I “ragazzini” del latitante Romeo: arrestati 5 presunti favoreggiatori

Scoperchiato l'intero sistema di favoreggiamento della latitanza di Romeo messo in atto dai "ragazzini", i fratelli Alvaro

ULTIMO AGGIORNAMENTO 12:18
Pordenone

Colpo alla ‘Ndrangheta. Cinque persone sono state arrestate dai carabinieri di Palmi per il favoreggiamento di Domenico Romeo, il latitante di Sinopoli (Reggio Calabria) catturato il 4 febbraio dello scorso anno a Sant’Eufemia d’Aspromonte, dove si era rifugiato e dove si trovava con la moglie e il figlio.

Gli arrestati legati a Romeo

Gli arresti sono stati fatti in esecuzione di un provvedimento emesso dal Gup su richiesta della Dda di Reggio Calabria. In carcere – riporta Ansa – sono finiti i fratelli Antonio e Francesco Alvaro, di 22 e 23 anni mentre ai domiciliari Domenica Alvaro, di 33 anni (detti “ragazzini” per la loro giovane età), Biagio Versaci (47), e la moglie di quest’ultimo, Maria Francesca Cammaroto (40).

L’indagine “Buon vento genovese”

Il blitz è scattato all’alba di oggi, 20 marzo, dopo che il procuratore Giovanni Bombardieri, l’aggiunto Gaetano Paci e il pm Giulia Pantano hanno chiuso il cerchio sui favoreggiatori di Romeo che, per sei mesi, si era reso irreperibile ed era ricercato dalla Dda di Genova per traffico internazionale di stupefacenti aggravato dalle finalità mafiose nell’ambito dell’indagine “Buon vento genovese” della guardia di finanza.

L’inchiesta, che ha portato agli arresti di oggi, ha consentito di scoperchiare l’articolato ed organizzato sistema messo a punto dagli indagati per favorire la latitanza di Romeo. Un sistema che ha garantito a quest’ultimo di potersi incontrare pure con i suoi familiari. Stando alle indagini, il latitante aveva infatti a disposizione un immobile di proprietà di Domenica Alvaro ma anche telefoni dedicati con cui comunicare con i suoi familiari. Attraverso movimenti e trasbordi da un’autovettura all’altra, sua moglie Angela Lirosi, il figlioletto di soli 17 mesi e anche i genitori di Romeo venivano così condotti sino al covo del latitante, pensando che nessuno sarebbe riuscisse ad intercettarli.

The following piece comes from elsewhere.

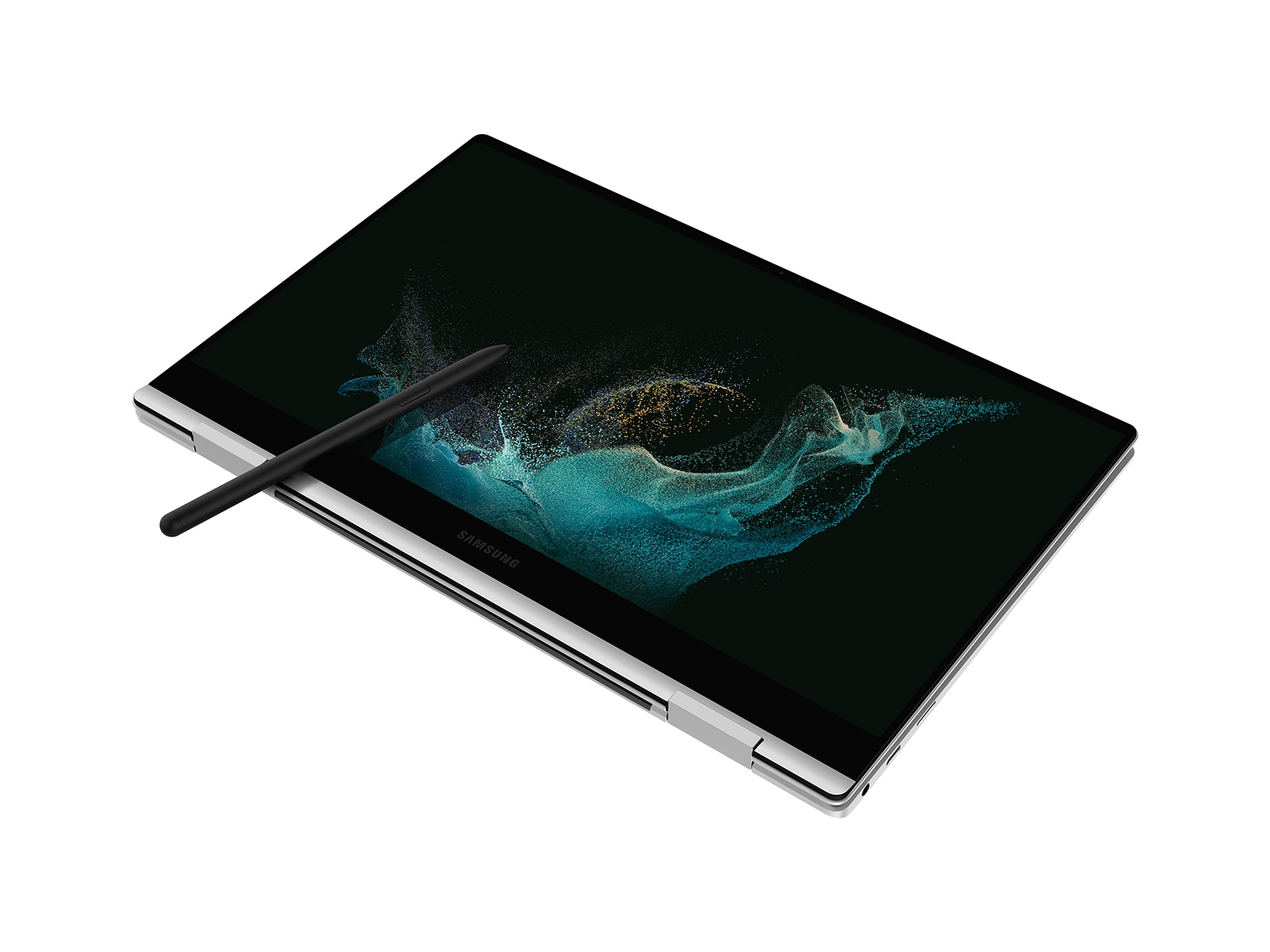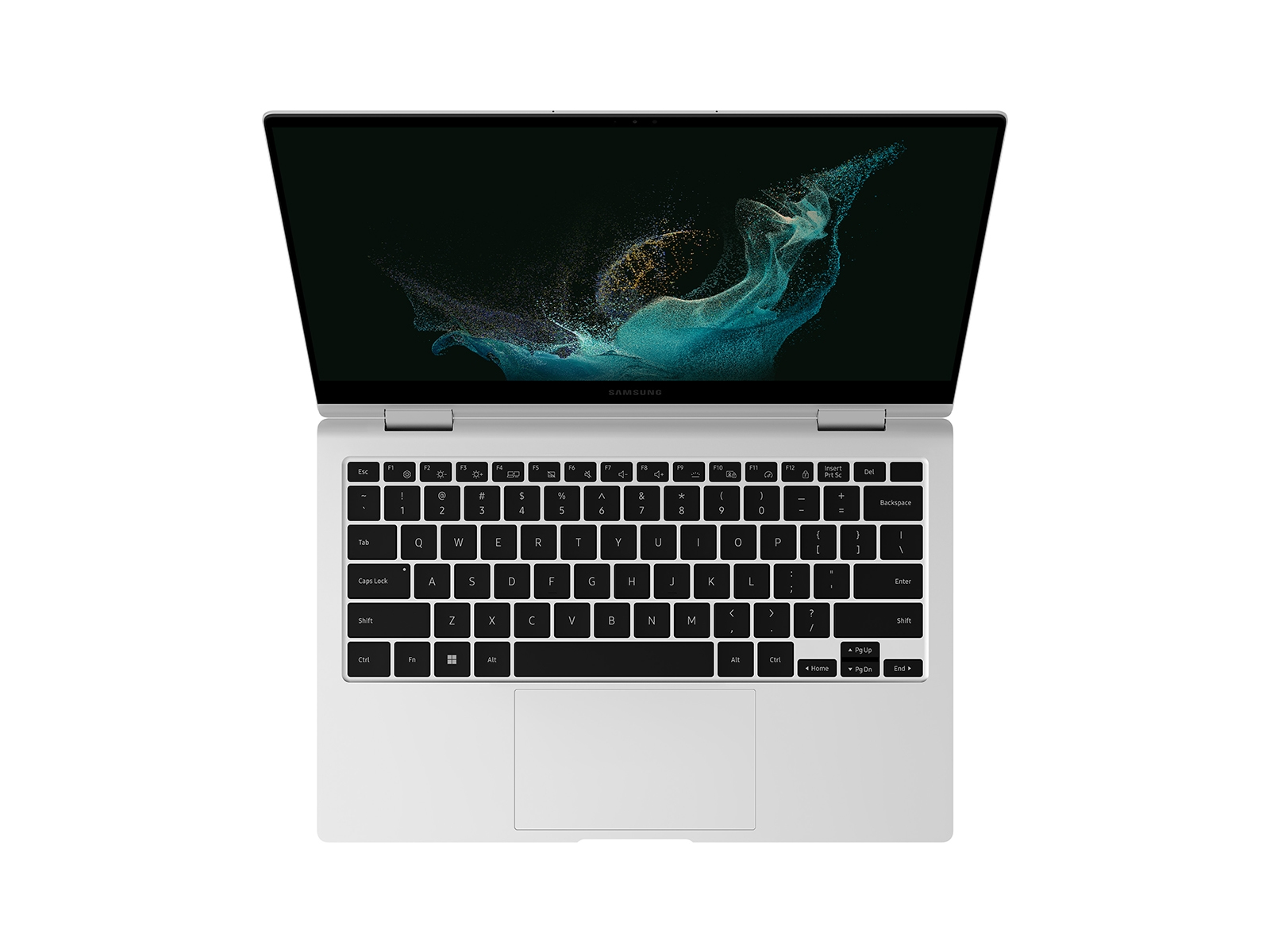 Samsung Book2 Pro 360. Type product: Hybride (2-in-1), Vormfactor: Convertible (Map). Processorfamilie: Intel® Core™ i7, Processormodel: i7-1165G7. Beeldschermdiagonaal: 33,8 cm (13.3″), HD type: Full HD, Resolutie: 1920 x 1080 Pixels, Touchscreen. Intern geheugen: 16 GB, Intern geheugentype: LPDDR5-SDRAM. Totale opslagcapaciteit: 512 GB, Opslagmedia: SSD. On-board graphics adapter model: Intel Iris Xe Graphics. Inclusief besturingssysteem: Windows 11 Home. Kleur van het product: Zilver

Così non è stato. Nel corso delle indagini è stato fotografato passo passo il sistema di favoreggiamento della latitanza del Romeo alimentato e gestito con una continua e meticolosa organizzazione dai coniugi Versaci-Cammaroto, che custodivano il cellulare del ricercato e si occupavano degli spostamenti.

Il ruolo dei “ragazzini”

Un ruolo che era affidato in particolare ai fratelli Alvaro. Finiti in carcere, questi ultimi sono i figli di Vincenzo Alvaro, condannato nel procedimento “Santa Fè”, e nipoti di Antonio Alvaro, coindagato di Domenico Romeo nel procedimento penale “Buon vento genovese”.

Nonostante fossero considerati “ragazzini” per la giovane età, Antonino e Francesco Alvaro hanno dimostrato la loro fedeltà alla cosca Alvaro e per questo Domenico Romeo si era materialmente affidato a loro per la gestione della sua latitanza.